Profile answered 14/9, 2021 at 15:10 Comment(0)
A
5

Transitivity of equality for pointers, regardless of provenance, follows from the specification of the equality operators. C 2018 6.5.9 6 says:

Two pointers compare equal if and only if both are null pointers, both are pointers to the same object (including a pointer to an object and a subobject at its beginning) or function, both are pointers to one past the last element of the same array object, or one is a pointer to one past the end of one array object and the other is a pointer to the start of a different array object that happens to immediately follow the first array object in the address space.

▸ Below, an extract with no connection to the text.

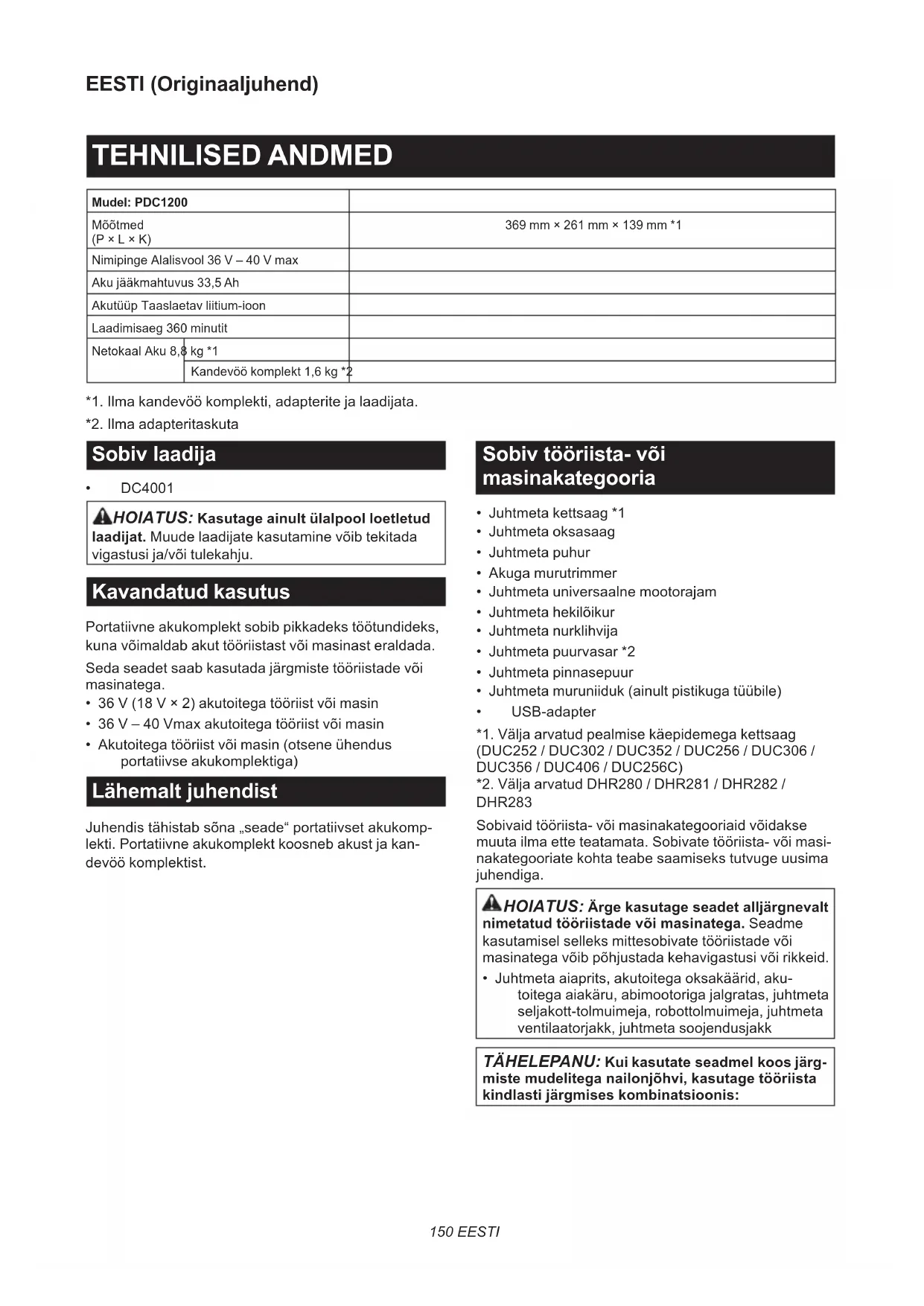 DUC356 / DUC406 / DUC256C) *2. Välja arvatud DHR280 / DHR281 / DHR282 / DHR283 Sobivaid tööriista- või masinakategooriaid võidakse muuta ilma ette teatamata. Sobivate tööriista- või masi- nakategooriate kohta teabe saamiseks tutvuge uusima juhendiga. HOIATUS: Ärge kasutage seadet alljärgnevalt nimetatud tööriistade või masinatega. Seadme kasutamisel selleks mittesobivate tööriistade või masinatega võib põhjustada kehavigastusi või rikkeid.

Dismissing null pointers and pointers to functions, which are not an issue here, given that a == b and b == c evaluate as true, they must satisfy one of the conditions listed in the specification, so we have these cases:

Given a == b. Given b == c. a == c?
a and b both point to the same object . b and c both point to the same object. a and c both point to the same object. Therefore a == c evaluates as true.
a and b both point to the same object. c points to one past the last element of an array object and b points to the start of an array object that happens to follow it. c points to one past the last element of an array object and a points to the start of an array object that happens to follow it. Therefore a == c evaluates as true.
a and b both point to one past the last element of the same array object. b and c both point to one past the last element of the same array object. a and c both point to one past the last element of the same array object. Therefore a == c evaluates as true.
a points to one past the last element of an array object and b points to the start of an array object that follows it. b and c both point to the same object. a points to one past the last element of an array object and c points to the start of an array object that follows it. Therefore a == c evaluates as true.
b points to one past the last element of an array object and a points to the start of an array object that follows it. b and c both point to one past the last element of an array object. c points to one past the last element of an array object and a points to the start of an array object that follows it. Therefore a == c evaluates as true.

Note there are no cases where b points to an object in the first column and to one past the last element of an array in the second column or vice-versa: Whichever of these two kinds of pointer it is, it must be the same kind in a == b and b == c.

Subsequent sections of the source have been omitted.